Can bonus clawback provisions restrict an employee's ability to work elsewhere?

The High Court recently had to consider whether a bonus clawback provision was an unreasonable restraint of trade.   

It is common to find clauses in employment contracts governing what will happen to bonuses if an employee resigns before or within a short period after a bonus has been paid.  In Steel v Spencer Road LLP trading as The Omerta Group ("Omerta"), the employee was remunerated via a basic annual salary plus a discretionary bonus.  The bonus was conditional on (1) the employee staying in employment for 3 months from the date of payment of any bonus and (2) not having given or been given notice to terminate his contract prior to the end of the 3 month period.

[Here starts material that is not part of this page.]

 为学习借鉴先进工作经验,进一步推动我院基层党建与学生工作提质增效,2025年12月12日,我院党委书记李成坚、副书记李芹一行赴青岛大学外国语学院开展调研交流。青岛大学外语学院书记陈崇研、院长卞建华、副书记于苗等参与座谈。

The employee received substantial bonuses during his, almost, 7 years working for Omerta.  In January 2022, this amounted to £187,500, which was nearly 3 times his basic salary.  The employee then resigned in February 2022.  In accordance with the terms of his employment contract, Omerta requested repayment of the bonus.  When the employee refused Omerta served a statutory demand for the full amount of the bonus plus over £12,000 in legal fees.  The employee applied to the Insolvency and Company Courts ("ICC") to have the statutory demand set aside, contending that the clawback provisions operated as an unreasonable restraint of trade, or were penalty clauses and therefore unenforceable.  The ICC dismissed the application.  Although the employee repaid the bonus, he appealed the ICC judgment as regards the restraint of trade issue to the High Court.

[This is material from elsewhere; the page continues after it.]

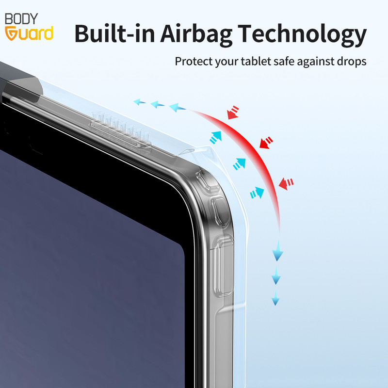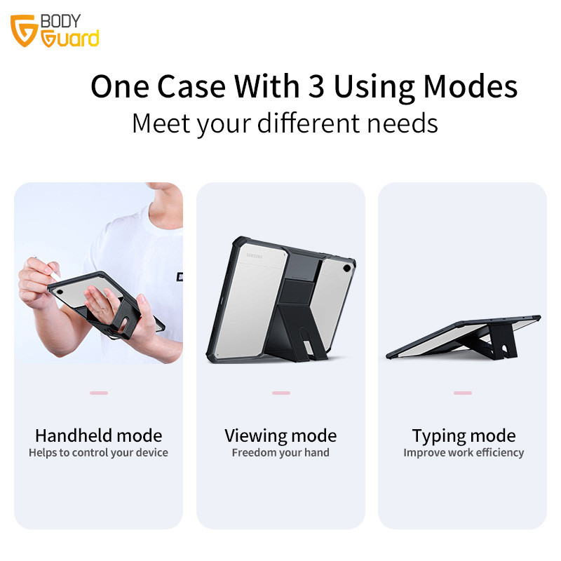 قاب بادیگارد مدل KickStand با بهره گیری از جدیدترین طراحی روز علاوه بر زیبایی امکان محافظت کامل از تبلت را نیز فراهم می کند. این کاور دارای کناره محکم و گوشه های کپسولی جهت حفاظت از تبلت در برابر صدمات می باشد. پشت این کاور طلق محکم شفاف می باشد که باعث حفظ زیبایی تبلت می شود. کاور KickStand دارای قسمت استند در پشت می باشد که باعث می شود تبلت در 3 حالت تماشای فیلم، حالت تایپ و حالت دستگیره ای جهت قرار گرفتن در کف قرار گیرد.

When considering the arguments presented by the employee, the High Court found, approving an earlier case with similar facts, that while a bonus scheme conditional on an employee remaining in employment for a specified time does act as a disincentive to resign, it does not amount to a restraint of trade.  The High Court was also not persuaded that the ICC judge had wrongly applied the two stages of the "restraint of trade test", nor that other clauses in the employment contract - specifically a 3 month notice period and a thirteen week post-termination restriction on working for a competitor - operated as a significant disincentive to resign and should have been considered.  Finally, the High Court held that the application to have the statutory demand set aside was not a novel case, but rather one that had been decided on the basis of established legal precedent that the ICC judge had correctly applied.

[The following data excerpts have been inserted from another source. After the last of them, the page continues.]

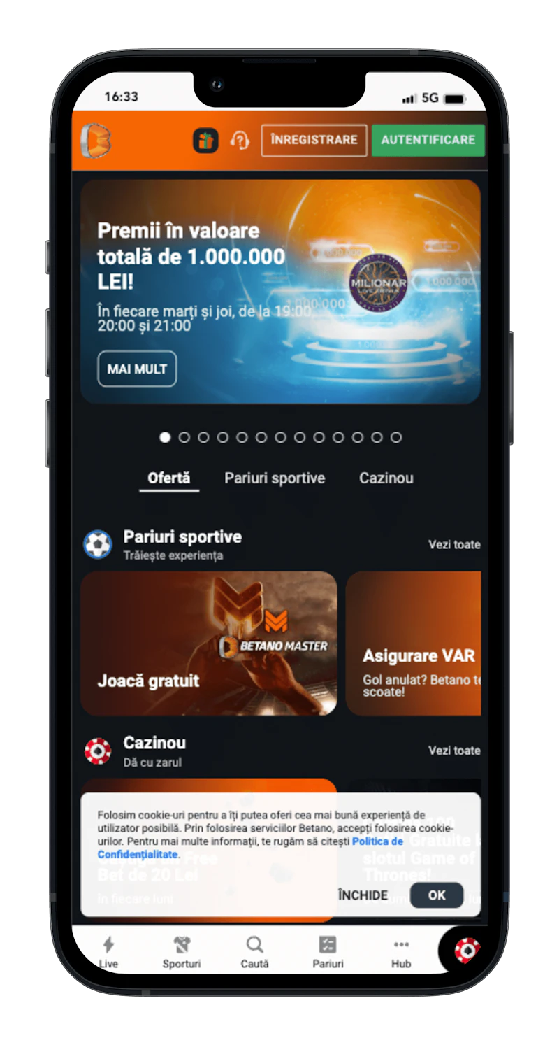 Parcurgi procesul de înregistrare (3-5 minute), completezi verificarea și ești gata de pariuri.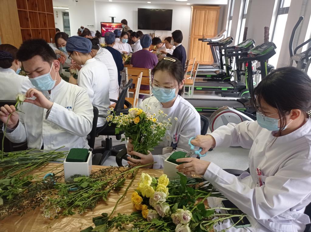 插花培训活动地点设在东方医院教育中心,活动期间,花艺老师从花材、养护、色彩搭配等方面对插花的基本方法进行现场讲解和演示。同学们通过修枝剪叶、搭配色彩,一件件色彩鲜艳、错落有致、寓意深层的插花作品展现在大家的眼前,活动花香四溢,温馨暖人。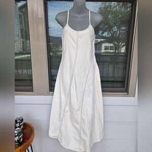 Zara Off White Spaghetti Strap Maxi Denim Dress Light Blue Stitching Sz XS NWT

Although this case does provide some comfort for employers that a bonus clawback will not amount to an unreasonable restraint of trade (even if it does act as a disincentive from resigning), each case will turn on its own facts.  In order to reduce the likelihood of issues arising employers should ensure that contractual terms (including notice periods and post termination restrictions as well as clawback provisions) can be easily and fully understood by employees.  The clawback provisions themselves should be clearly drafted and not disproportionate, acting as a disincentive to resignation rather than a restraint of trade.